Figure 3 The amount of α produced by different proton incidence energies in the B-X and PPAM (200 ppm) phantoms. Dashed lines (a, b, and c) were used to highlight the role of the area and the location of the α peak. B-X is either 10B, 11B or NB. PMMA, polymethyl methacrylate; NB, natural boron.

Description and analysis of results on 10B and its effects on α and neutron yields

The experiment was conducted and the resulting α and neutron production was recorded, as shown in Table 1. The analysis revealed that α production decreased with decreasing boron concentration for the same proton energy, while neutron production decreased with increasing boron concentration. This suggests that protons and boron work together to produce α particles with higher biological effects, and at higher boron concentrations, boron absorbs more neutrons and thus generates more α and fewer neutrons.
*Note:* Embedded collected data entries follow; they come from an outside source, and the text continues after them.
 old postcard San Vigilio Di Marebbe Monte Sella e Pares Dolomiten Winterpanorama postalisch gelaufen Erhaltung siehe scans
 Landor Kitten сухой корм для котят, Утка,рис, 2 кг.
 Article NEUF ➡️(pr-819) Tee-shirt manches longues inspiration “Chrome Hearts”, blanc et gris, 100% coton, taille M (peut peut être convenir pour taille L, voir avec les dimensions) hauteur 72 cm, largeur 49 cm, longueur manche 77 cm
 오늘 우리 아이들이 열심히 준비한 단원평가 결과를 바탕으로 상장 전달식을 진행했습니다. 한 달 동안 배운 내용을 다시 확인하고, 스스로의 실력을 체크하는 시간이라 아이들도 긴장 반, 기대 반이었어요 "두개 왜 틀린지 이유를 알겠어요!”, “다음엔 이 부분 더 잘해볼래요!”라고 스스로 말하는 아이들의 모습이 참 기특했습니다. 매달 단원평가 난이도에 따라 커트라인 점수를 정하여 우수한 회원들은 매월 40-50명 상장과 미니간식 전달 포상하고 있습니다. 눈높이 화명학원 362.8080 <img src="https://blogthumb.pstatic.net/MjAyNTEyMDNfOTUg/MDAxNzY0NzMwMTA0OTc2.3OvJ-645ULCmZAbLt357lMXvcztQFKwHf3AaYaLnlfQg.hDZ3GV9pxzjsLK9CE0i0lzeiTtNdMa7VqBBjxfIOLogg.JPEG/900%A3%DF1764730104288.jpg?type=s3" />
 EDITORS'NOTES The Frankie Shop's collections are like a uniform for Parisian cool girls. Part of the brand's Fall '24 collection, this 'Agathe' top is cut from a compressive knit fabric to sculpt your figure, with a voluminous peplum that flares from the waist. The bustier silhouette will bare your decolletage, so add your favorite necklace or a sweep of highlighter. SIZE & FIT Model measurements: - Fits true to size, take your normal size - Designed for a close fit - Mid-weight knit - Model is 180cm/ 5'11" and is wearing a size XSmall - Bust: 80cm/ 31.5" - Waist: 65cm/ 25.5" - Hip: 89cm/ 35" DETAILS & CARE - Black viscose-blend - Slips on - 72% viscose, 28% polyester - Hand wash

The difference between the α peak position and the proton Bragg peak position varies for different boron isotopes and mass ratios of PMMA, but it is generally small and falls within the range of the proton Bragg peak position, as shown in Figure 4.

Table 1

α and neutron peaks for different PMMA/10B ratios

B:PMMA Proton energy Peak α counts Peak neutron counts
10B 150 MeV 2.47532E−07 3.61377E−08
6:1 (10B) 150 MeV 2.38162E−07 3.63773E−08
5:1 (10B) 150 MeV 2.16795E−07 3.74706E−08
4:1 (10B) 150 MeV 2.13561E−07 3.78688E−08
3:1 (10B) 150 MeV 2.09997E−07 3.85558E−08
2:1 (10B) 150 MeV 2.02703E−07 4.08439E−08
1:1 (10B) 150 MeV 1.89978E−07 4.85719E−08
1:2 (10B) 150 MeV 1.70569E−07 4.47664E−08
1:8 (10B) 150 MeV 1.70679E−07 7.02421E−08
1:10 (10B) 150 MeV 1.65078E−07 8.87613E−08
1:11 (10B) 150 MeV 1.61273E−07 1.35678E−07
1:4,999 (200 ppm) (10B) 150 MeV 1.55267E−07 2.44118E−05

PMMA, polymethyl methacrylate.

Figure 4 Analysis of the α position of the 150 MeV proton beam with boron production, the left side of the figure shows the position of the proton Bragg peak and the position of the produced α deposit.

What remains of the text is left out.